Developer Research 101: The right methodology for reliable survey data
By Christina Voskoglou, Senior Director of Research
Suddenly a fine day dawns when your organisation’s key stakeholders agree that you need data to understand your developer audience. Well, ok, most likely that didn’t exactly happen overnight — in fact we know* that nearly 20% of DevRel practitioners struggle to justify the budget of their developer programs and 32% rely on qualitative arguments. But let’s skip that part for now, and fast-forward to that happy moment when there is full buy-in for data-backed developer strategy decisions. Right. You need data. But what data?
First, ask the right questions
Let’s pause here for a second. At SlashData we may have data in our DNA, but we know that plunging head-first into data is not where your quest for answers should begin. Your first step should be, instead, to ensure that you are asking the right questions. However trivial that may sound, you may discover (as many others have) that in fact it is not. If you get the questions wrong, the answers will be meaningless and the time and budget you will have invested in finding data to answer them will be wasted.

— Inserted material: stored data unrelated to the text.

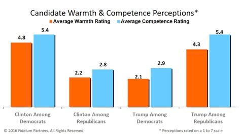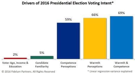 For instance, our September 2016 study of over 1,000 US adults showed that nearly 70% of willingness to vote for either Clinton or Trump was driven by their general perceptions of each candidate's "warmth" and "competence."
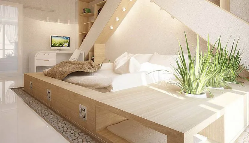 Экостиль в интерьере спальни – идеальный вариант для оформления помещения, предназначенного для отдыха и спокойного сна. Здесь можно поэкспериментировать: собрать основание кровати из упоминавшихся ранее европоддонов, использовать деревянные чурбаки в качестве мебели. Организовать пространство в изголовье кровати, украсив его панно, сделанным из деревянных спилов. Если эффект достигнутого будет положительным, можно переключаться на гостиную.
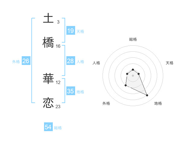 土橋 華恋さんを姓名の画数から五運を鑑定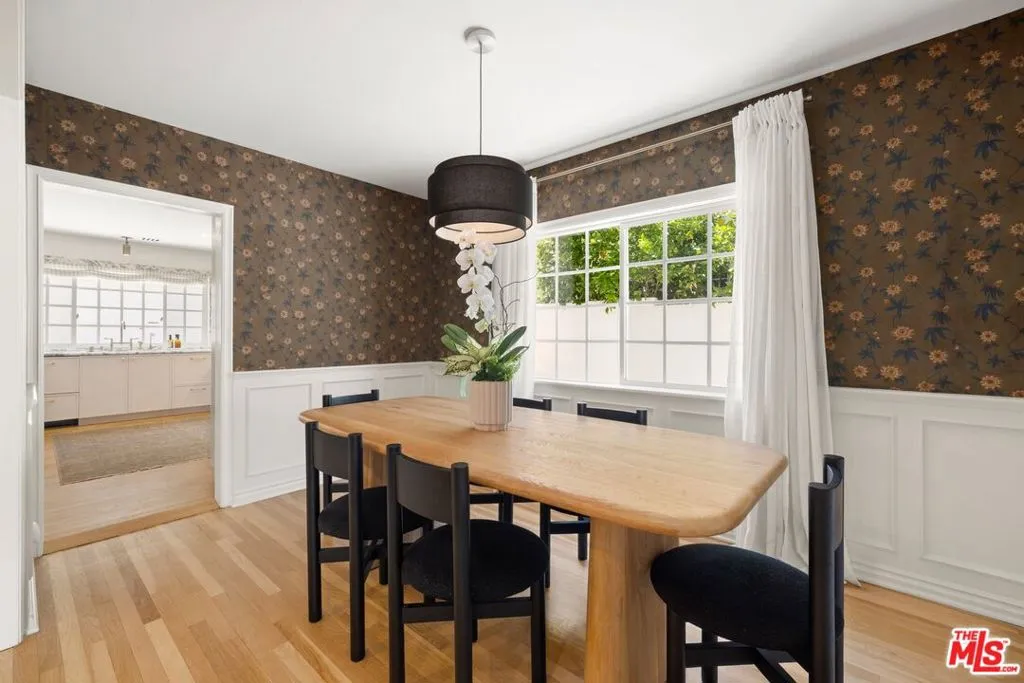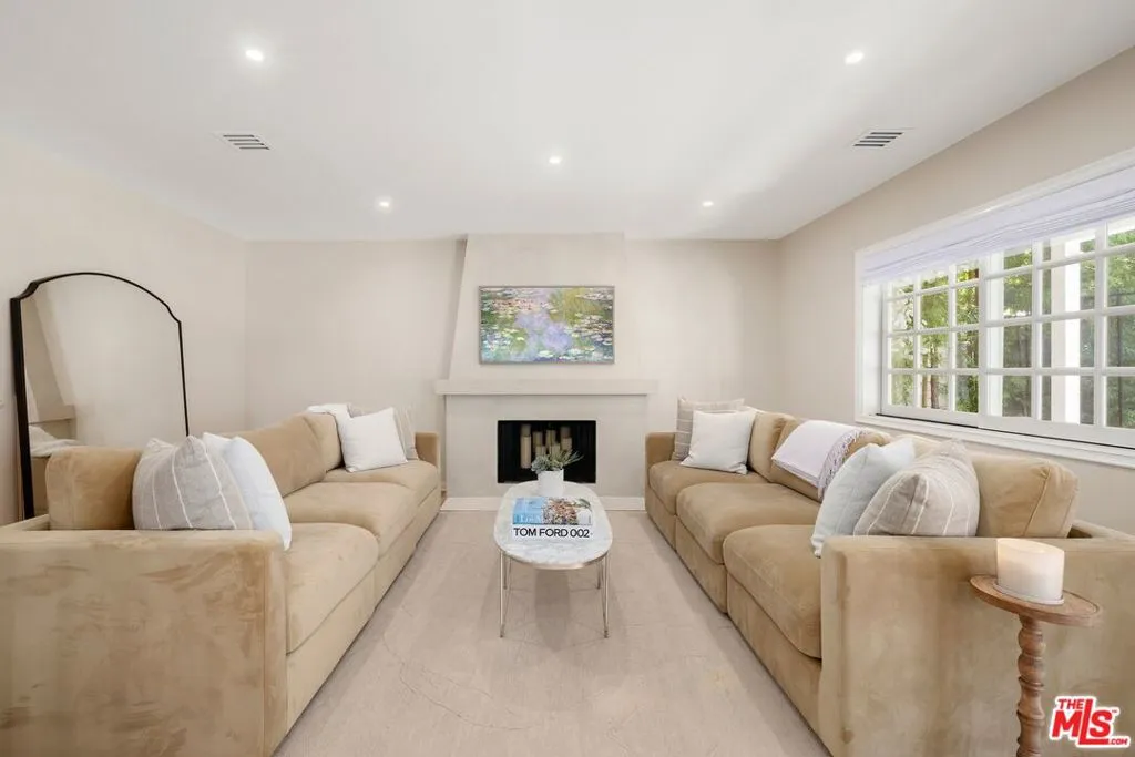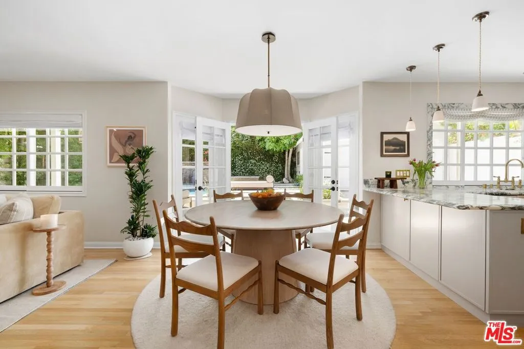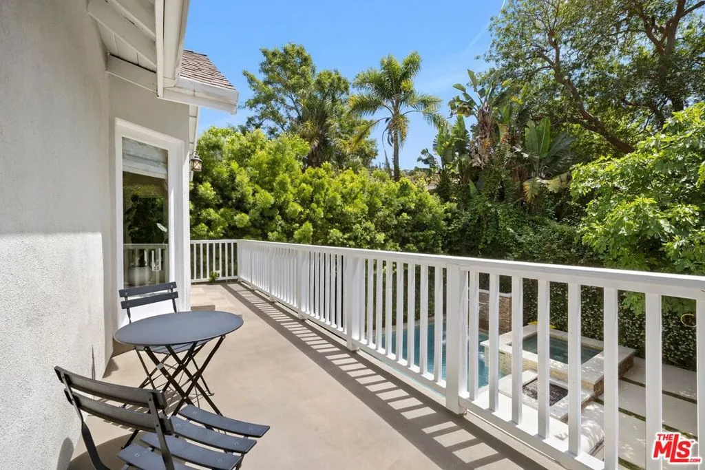 Set on a rare cul-de-sac South of Ventura Boulevard, 14640 Tustin is a designer-refreshed Sherman Oaks Traditional that blends timeless architecture, elevated finishes, and true California indoor-outdoor living. Framed by mature trees on a quiet residential street, the home offers a private, tucked-away setting moments from Ventura Boulevard's restaurants, cafs, boutiques, shopping, fitness studios, and everyday conveniences. Inside, the home feels warm, refined, and beautifully layered. Refinished hardwood floors, limewashed walls, designer wallpaper, and curated lighting create an elegant yet comfortable atmosphere throughout. A large picture window brings in natural light and captures the peaceful tree-lined street, while the living and dining areas flow effortlessly across the main level for everyday living and entertaining. The newly remodeled kitchen is a true centerpiece, featuring a statement La Cornue double oven with five-burner range, marble surfaces, a built-in paneled Dacor French-door refrigerator/freezer, appliance garage, Fisher & Paykel two-drawer dishwasher, and Farrow & Ball painted cabinetry . The home offers four bedrooms and three baths across approximately 2,667 square feet, with three bedrooms upstairs and one bedroom downstairs, ideal for guests, office, playroom, or flexible living. The oversized primary suite features vaulted ceilings, a large walk-in closet, and French doors opening to a wraparound balcony overlooking the backyard. The remodeled primary bath is finished with Carrera marble, dual vanities, a large soaking tub, and an expansive shower. The secondary upstairs bathroom has also been updated with dual vanities and Carrera marble, while the downstairs bath has been thoughtfully refreshed. The backyard is designed for both relaxed everyday living and effortless entertaining, with a newer app-controlled pool and spa, built-in fire feature, covered outdoor patio with TV, low-maintenance landscaping, and mature greenery that creates privacy, shade, and a serene retreat-like feel. French doors connect the interior living spaces to the patio and pool, creating an easy indoor-outdoor rhythm. Beyond the pool, the detached two-car garage has been transformed into a versatile bonus space with rubber flooring, windows, and a glass door to the yard, making it ideal as a gym, pool house, studio, office, lounge, or creative flex space. With a 5,752-square-foot lot, driveway parking, flexible living spaces, designer upgrades, a newer pool and spa, and a coveted South of the Boulevard Sherman Oaks location, 14640 Tustin Street offers a polished, private, and highly functional home with character, sophistication, and a strong sense of California living.

Knowing exactly which questions you need answered will help you specify not only what data you need, but also where you should get it from, and how big a sample you should aim for. If it is just a total market share figure you’re after, for example, chances are you don’t need that many data points — neither in terms of sample size, nor in terms of breadth of information collected. If however you are trying to understand what developer personas (or segments) exist out there, where they are located, how they feel about different technologies, and where they’re going next, you’re looking into an undertaking of an entirely different magnitude, and may the Force be with you. Or, more practically, SlashData, as we have been in this business for more than a decade now.
Mind the source
Once you know which questions you need to answer, you should carefully choose your data collection method and sources. If, for example, you want to know how your technology is currently being used, you could use your own telemetry or usage data, or survey your own community. If, however, you need to see what other technologies your developers use, or how competing technologies are being used by your broader audience, you need to look beyond your own community by means of a global survey that targets everyone in your market. Based on our bi-annual survey of developer-facing organisations, we find that about half use their own survey data, and nearly half run qualitative research, when in fact it may be more appropriate to use a different approach.

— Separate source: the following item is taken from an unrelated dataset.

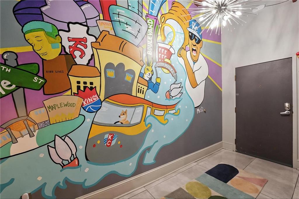 Ready to live in a boutique condo building in the historic Garment District of KCMO? Soho West Condominiums include 21 units with secured private parking. Each unit's floor plan is unique. The professional photos are amazing of Unit 201. Sellers have made some great upgrades, including opening up the main living area for one big open LOFT space. 2'x4' beautiful porcelain floor tiles installed throughout the main living area, great lighting fixtures, and a beautiful artist mural featuring Kansas City favorite points of interest on the entry wall. The loft space can be used in so many different ways, including a gaming area, dining area, multiple conversation areas. Imagine hosting a small group of friends as well as larger parties & gatherings! The front entry to the building was recently renovated by the Association, as well as some windows and the roof! The building has a secured entrance, and the loft itself also has a keypad door lock entry. You can go just a block or so and take the streetcar to the areas of Kansas City you want to explore, including Union Station, Power and Light District, TMobile Center and more! Living in the Garment District you can enjoy coffee shops, restaurants, theaters, working out, City Market: all within a few blocks. This loft looks amazing and has so many great features: all appliances stay, white subway backsplash in the kitchen, custom motorized window blinds, NEST thermostat, built in shelves and since the seller is downsizing, artwork and furniture are also negotiable! The condo association provides assurance on their balance sheet. Association dues of $573 are paid monthly. There is a move in fee of $550 to be paid at closing as well as a $100 transfer fee.

A common, though less-than-ideal approach, for example, is tracking developer sentiment (usually in the form of Net Promoter Score) based on data collected from current users that interact with you (say, through your website). While this may be a good indication of how your current active users feel, it can not be generalized to represent the sentiment of your whole target audience, as it omits the views of past users who have now left you, and also the views of those who evaluated but rejected your technology in favour of a competitor. Those who abandon a technology are more likely to give it a low recommendation score if asked. By omitting their views and using only current users’ scores you therefore get a positively biased result. This is particularly true in highly competitive low-rigidity markets (such as some cloud services can be) where your current users are more likely to be satisfied fans who stay with you by choice rather than due to technology lock-in effects, while the displeased have already left you to turn to one of your competitors.
That is why in our surveys we always ask both current and past users how they feel about each of the technologies they either use, or have (recently) stopped using, or evaluated but rejected. In this way, we get an unbiased estimate of developer sentiment for the broad range of technologies that we track — allowing us to benchmark them with a high degree of confidence.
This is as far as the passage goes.